_Data_

========================================

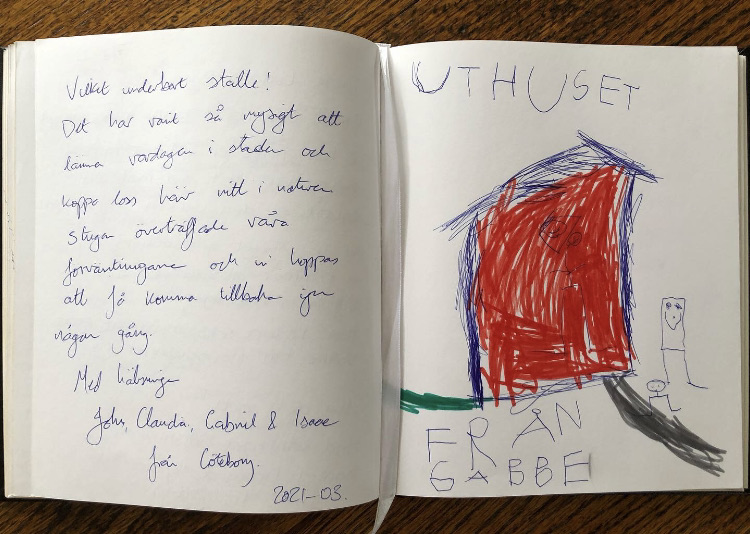 I helgen sa vi ”hej då” till två nya vänner och gäster från Frankfurt, de hade härliga sommardagar i stugan. I dag välkomnade vi två nya gäster från Wien – Österike (hade kört hela vägen, men Slamrekullen var deras andra stopp i Sverige). Vi är så glada över att få välkomna gäster från kontinenten igen. Glada att pandemin verkar släppa sitt grepp över oss – hoppas!
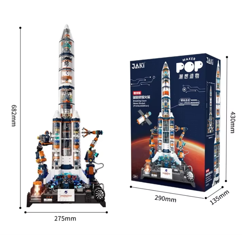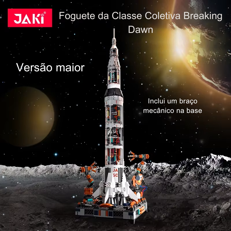 O Breaking Dawn Honor Rocket, da marca JAKI, é um modelo criado para colecionadores que se impressionam com engenharia, escala e impacto visual. Inspirado nos grandes foguetes da era espacial, este kit entrega uma construção imponente, técnica e extremamente satisfatória. Com 1.349 peças, o processo de montagem conduz a um resultado final que domina qualquer ambiente, transmitindo inovação, exploração e grandiosidade. Não é apenas um modelo — é uma peça de exibição que representa o espírito da corrida espacial.
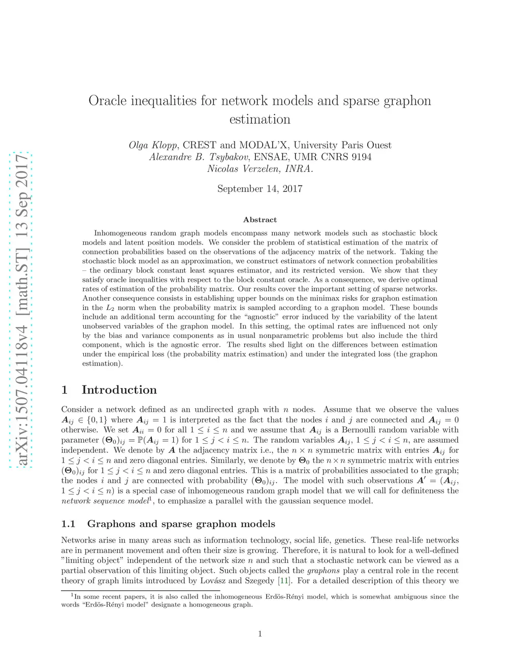 Inhomogeneous random graph models encompass many network models such as stochastic block models and latent position models. We consider the problem of statistical estimation of the matrix of connection probabilities based on the observations of the adjacency matrix of the network. Taking the stochastic block model as an approximation, we construct estimators of network connection probabilities -- the ordinary block constant least squares estimator, and its restricted version. We show that they satisfy oracle inequalities with respect to the block constant oracle. As a consequence, we derive optimal rates of estimation of the probability matrix. Our results cover the important setting of sparse networks. Another consequence consists in establishing upper bounds on the minimax risks for graphon estimation in the norm when the probability matrix is sampled according to a graphon model. These bounds include an additional term accounting for the "agnostic" error induced by the variability of the latent unobserved variables of the graphon model. In this setting, the optimal rates are influenced not only by the bias and variance components as in usual nonparametric problems but also include the third component, which is the agnostic error. The results shed light on the differences between estimation under the empirical loss (the probability matrix estimation) and under the integrated loss (the graphon estimation).

========================================

_Task objective_
Apart from the images, print all the material above exactly as given.

_Task result_
 I helgen sa vi ”hej då” till två nya vänner och gäster från Frankfurt, de hade härliga sommardagar i stugan. I dag välkomnade vi två nya gäster från Wien – Österike (hade kört hela vägen, men Slamrekullen var deras andra stopp i Sverige). Vi är så glada över att få välkomna gäster från kontinenten igen. Glada att pandemin verkar släppa sitt grepp över oss – hoppas!
 O Breaking Dawn Honor Rocket, da marca JAKI, é um modelo criado para colecionadores que se impressionam com engenharia, escala e impacto visual. Inspirado nos grandes foguetes da era espacial, este kit entrega uma construção imponente, técnica e extremamente satisfatória. Com 1.349 peças, o processo de montagem conduz a um resultado final que domina qualquer ambiente, transmitindo inovação, exploração e grandiosidade. Não é apenas um modelo — é uma peça de exibição que representa o espírito da corrida espacial.
 Inhomogeneous random graph models encompass many network models such as stochastic block models and latent position models. We consider the problem of statistical estimation of the matrix of connection probabilities based on the observations of the adjacency matrix of the network. Taking the stochastic block model as an approximation, we construct estimators of network connection probabilities -- the ordinary block constant least squares estimator, and its restricted version. We show that they satisfy oracle inequalities with respect to the block constant oracle. As a consequence, we derive optimal rates of estimation of the probability matrix. Our results cover the important setting of sparse networks. Another consequence consists in establishing upper bounds on the minimax risks for graphon estimation in the norm when the probability matrix is sampled according to a graphon model. These bounds include an additional term accounting for the "agnostic" error induced by the variability of the latent unobserved variables of the graphon model. In this setting, the optimal rates are influenced not only by the bias and variance components as in usual nonparametric problems but also include the third component, which is the agnostic error. The results shed light on the differences between estimation under the empirical loss (the probability matrix estimation) and under the integrated loss (the graphon estimation).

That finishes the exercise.